И он протянул Всеволоду рукавицу из мягкой темной кожи с замысловатым узором. Едва заметные линии причудливо извивались вокруг большого темно-синего камня, вделанного в золотую оправу, прикрепленную заклепкой на тыльной стороне ладони. Персты ее были обрезаны до половины.
– Это змеиная кожа, – сказал Буривой. – Она обладает целебной силой. Носи ее постоянно, и рана срастется.
– Что ты! Это такая редкость! Да и камень целого состояния стоит, – покачав головой, произнес князь, но перчатку все же принял и бережно надел ее на больную руку.
Пальцы высунулись из обрезанных перстов, но вся кисть руки оказалась надежно защищена.
– В самом деле, вроде болеть стало меньше, – с удивлением произнес он. – Чудные у тебя подарки! Все с какой-то волшбой.
Они поднялись к князю в гостиную. Всеволод скинул тяжелую дорожную одежду и остался в простой домашней рубахе с ношеными портами.
– Был у меня ночью гонец из родных краев… – начал Буривой и неожиданно замолчал.
Всеволод остановился посреди светелки и удивленно уставился на него.
– Вести привез, – осторожно продолжил Буривой.
– Да говори уже! Что рассказал? – с нетерпением воскликнул князь.
– Оказывается, мой единокровный брат все это время в Старом городе княжил. Месяц назад скончался.
– Соболезную.
– За что? Старшие братья меня не любили, я от них одно только лихо видал. После смерти его в княжестве началась смута. Слишком много нашлось у него наследников – все поднялись разом и разорили всю волость. Ключ от города держат бояре Ратибор и Мечидраг. Они зовут меня княжить.
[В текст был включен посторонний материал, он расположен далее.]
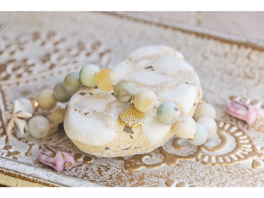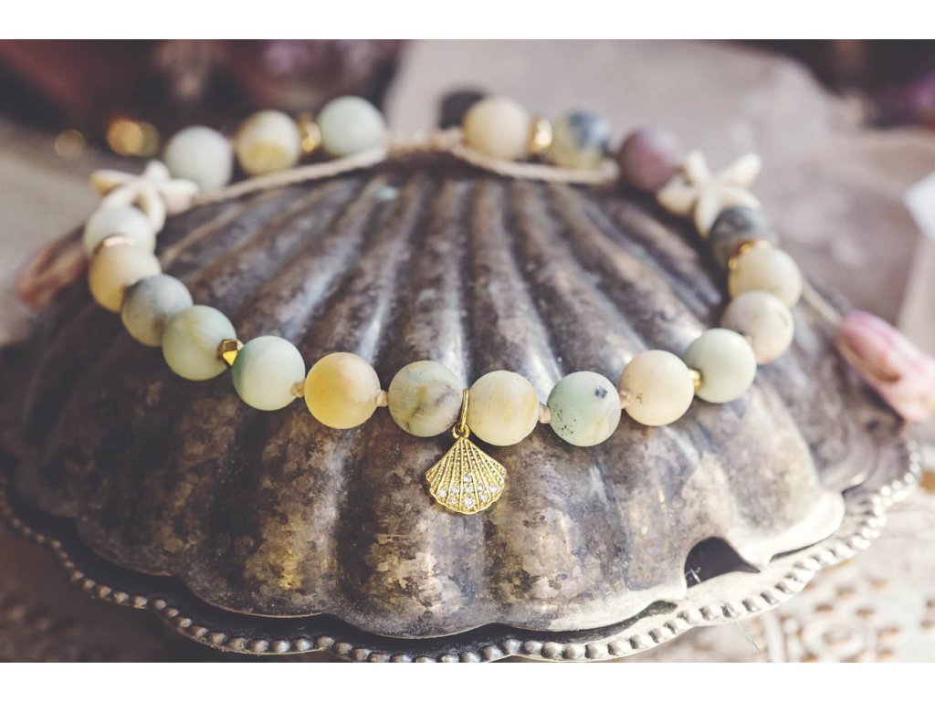 Náramek na nohu Ariel Tenhle vznikl díky inspiraci mé kamarádky Ivanky. Jednou se mne Ivanka zeptala, zda nechci zkusit vytvořit také "celokorálkové" náramky na nohu a mne její nápad hned zaujal. A protože miluju navlékání a uzlíkování, což si užívám u tvorby mál, první model - náramek na nohu Ariel - na sebe nenechal dlouho čekat. Použila jsem rovnou osmičkové (8mm) amazonity (proč troškařit, první model má být vždy velkorysý) a nakombinovala je se zlatými hematity, akrylovými hvězdicemi a nerezovou mušličkou s rozkošnými malými zirkony, které se na slunci třpytí jak kapky mořské vody. Na koncích zavázání jsou růžové tulipánky od českých sklářů, moje snad nejoblíbenější korálky od Rutkovských.Doplňkové parametry

– Вот это новость! – удивленно взглянул на него Всеволод. – Почему именно тебя?
– Тамошние князья явятся со своими дружинами. Ратибор с Мечидрагом боятся, что новички их «заедут».
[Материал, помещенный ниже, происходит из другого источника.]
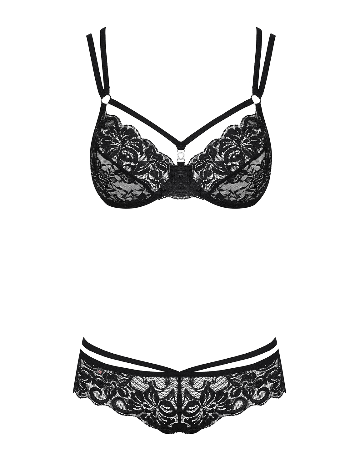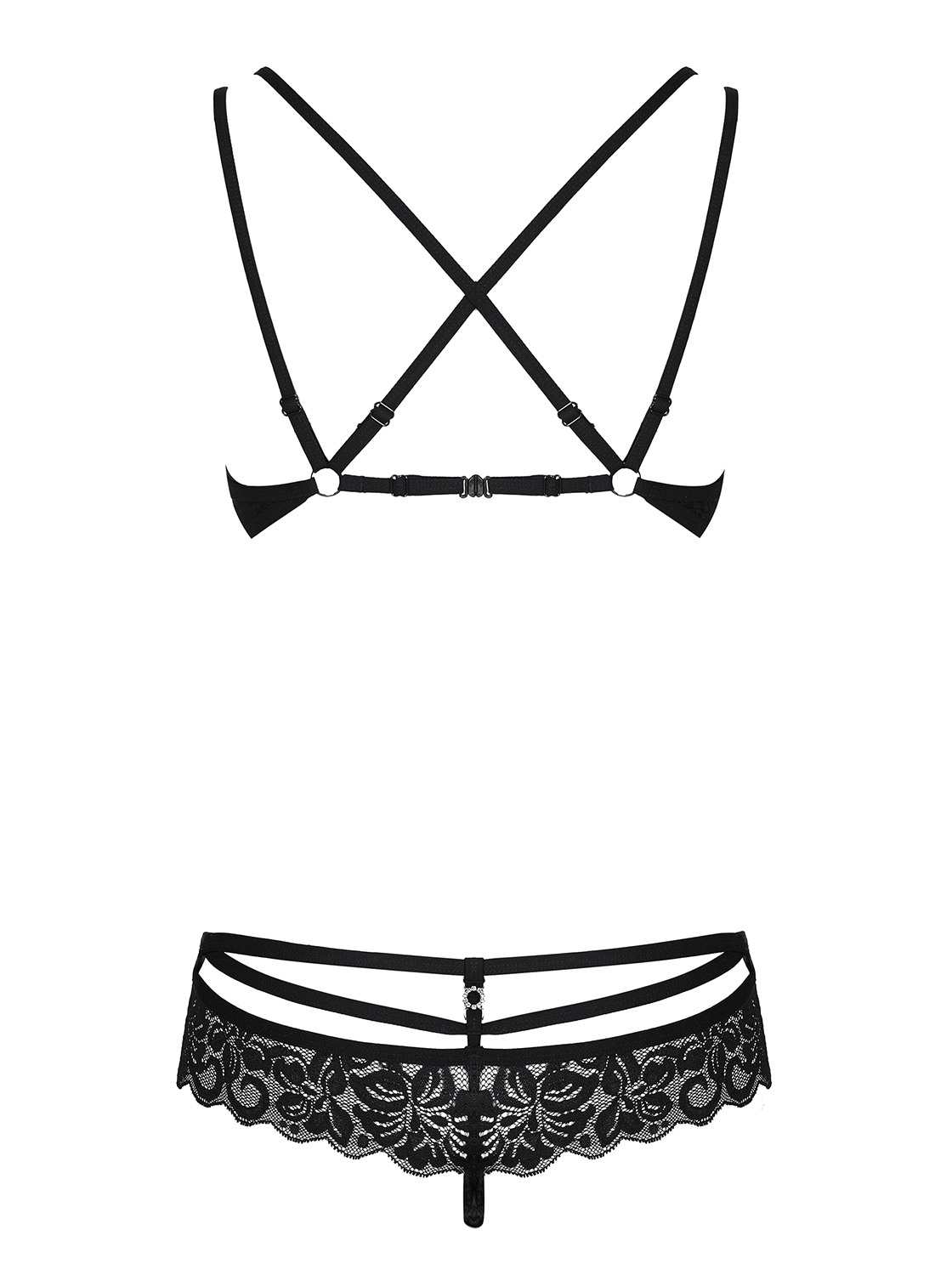 Schwarzes Dessous-Set aus Spitze mit String und Bügel-BH. Mit Stretch-Riemchen an beiden Teilen jeweils vorne und hinten. In der Mitte zwischen den Körbchen mit Schmuck. Verfügbare Größen: S/M, L/XL

– Дело обычное, так и бывает, – заметил великий князь. – Кому нужные старые слуги, когда своих пруд пруди?
– От меня хотят, чтобы я оставил их на своих местах и дал бы им новых вотчин.
– Какое необычное желание! – рассмеялся Всеволод. – И что от тебя требуется?
– Привести в город двадцать полков и отогнать от него мелких князьков, а возможно, и немцев, если вмешаются.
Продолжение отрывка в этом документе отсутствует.